Les étudiants ont choisi un système de démocratie directe via des plénums et des assemblées générales. Dans toutes les facultés, chacun peut exprimer sa voix sur les sujets qui rythment le mouvement. Pendant que deux étudiants animent les débats, les mains se lèvent pour prendre la parole durant une minute trente. Sur les bancs de l’amphithéâtre, les mains sont secouées pour applaudir, les rires résonnent. Les discussions et votes sont ensuite partagés aux autres facultés et entre universités. 

Cette dynamique a conduit à la plus grande manifestation de l’histoire moderne de la Serbie, le 15 mars dernier. Les étudiants de Belgrade ont voté son organisation, les autres universités leur accord. Après un appel à la population pour les rejoindre, entre 275 000 et 325 000 personnes ont finalement foulé les rues de la capitale. 

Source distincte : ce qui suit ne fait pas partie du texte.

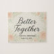 Celebre o amor de uma forma verdadeiramente única com nosso Quebra-cabeça personalizado de casamento "Melhor Juntos". Apresentando uma caligrafia elegante, enquadrada por florais de aquarelas suaves em tons de mancha e de sábio, este quebra-cabeça duplica como uma manutenção significativa e um favor divertido para os seus convidados. Cada quebra-cabeça é desenhado com um pano de fundo romântico e a frase "Melhores Juntos" como peça central. Abaixo da frase, você pode personalizar com seus nomes e data de casamento, fazer cada peça um lembrete querido de seu dia especial. Perfeito como um favor memorável de casamento, presente de chá de panela, ou manutenção de aniversário, esta quebra-cabeça simboliza como duas vidas ajustado perfeitamente juntas. Design: Fundo floral de aquarela com elegante caligrafia Personalização: Nomes personalizáveis e data de casamento Uso: favores de casamento, keepsakes ou presentes de noivas Tema: Romântico, eterno e significativo Torne seu casamento inesquecível com um favor que é brincalhão e sincero — porque o amor é a peça que falta.
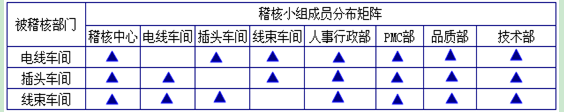 :从表6-3可以看出来,每天被稽核部门有三个:电线、插头以及线束。对于电线车间的稽核检查,以下部门要参加:稽核中心、插头车间、线束车间、人事行政部、PMC部、品质部和技术部,每一次的全员稽核,除了电线车间自己之外,其他部门必须到现场。
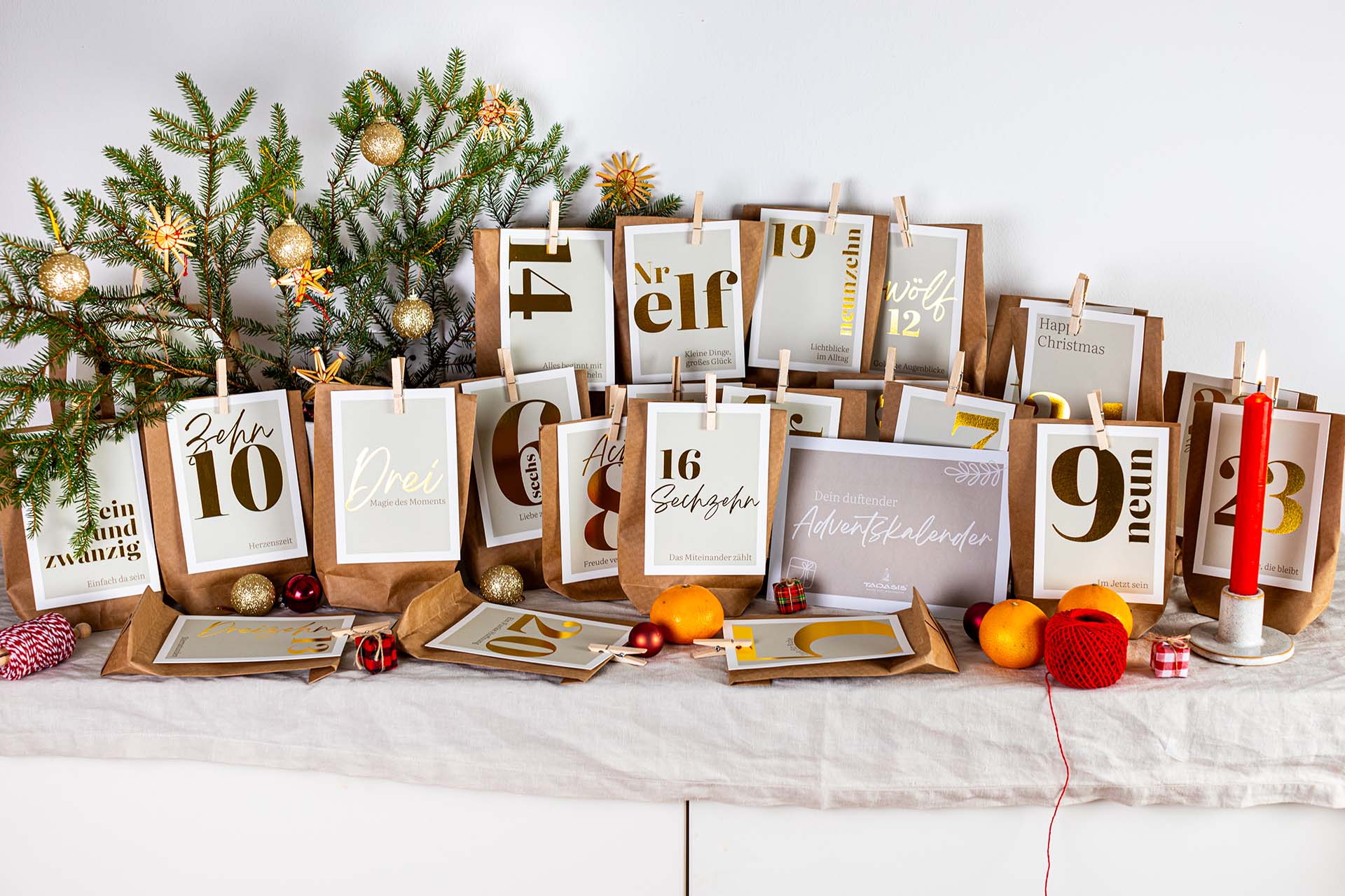 • 24 Türchen mit duftenden Überraschungen und jeweils einer liebevoll gestalteten Karte
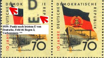 Habe bei folgender Marke einen roten Punkt zwischen D und E von DEMOKRATISCHE entdeckt. Ich hoffe Ihr könnt es erkennen und mir sagen um was es sich handelt! ![]()
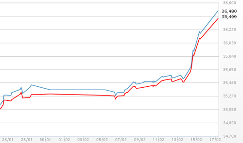 Mở cửa phiên giao dịch đầu tuần, sáng nay (17/2) Công ty vàng bạc đá quý Sài Gòn niêm yết giá vàng SJC ở mức 36,43 triệu đồng/lượng chiều mua và 36,53 triệu đồng/lượng chiều bán. So với giá chốt phiên cuối tuần trước giá vàng đã tăng 320 nghìn đồng/lượng chiều mua và 340 nghìn đồng/lượng chiều bán.
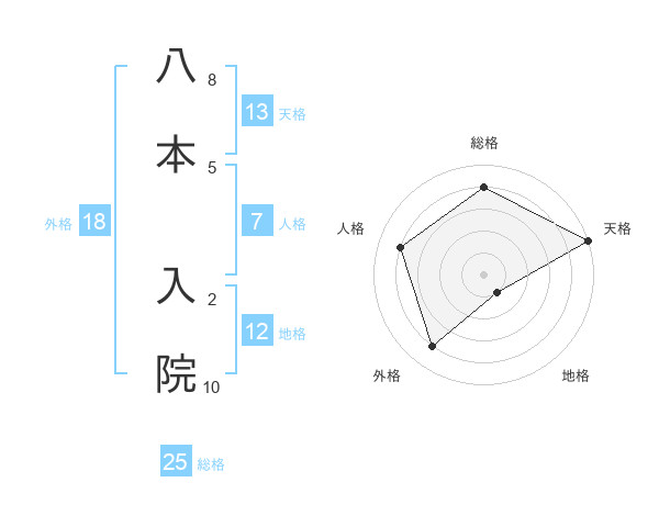 八本 入院さんの総格は25画の4点!

Au sein des manifestations, des croix orthodoxes cohabitent avec des symboles antifas. « Afficher une idéologie risque de diviser. Sans, tout le monde peut intégrer le mouvement », analyse Zoran Vasiljević, un étudiant en médias et communications de Belgrade. Les étudiants disent « ne pas vouloir répéter les erreurs du passé ». Les manifestations des années 2000 avaient un but : faire tomber le dictateur Slobodan Milošević, le plus vite possible. Aujourd’hui, les étudiants souhaitent changer « le système » et ont plus de temps. Quitte à perdre une année universitaire, et plus, s’il le faut. 

Chaque faculté a ainsi son propre fonctionnement. Les étudiants s’organisent en groupes de travail : communication, média, sécurité, donation. Chacun a sa tâche. Aucun n’a celle du leader : il n’y en a pas. Si le mouvement ne s’essouffle pas, c’est que chaque semaine est ponctuée de nouveaux incidents, tels des vagues, qui alimentent la colère : détention d’activistes, étudiants présentés comme des « terroristes » dans les médias pro-gouvernementaux, désinformation sur l’usage d’un canon à son contre une foule pacifiste…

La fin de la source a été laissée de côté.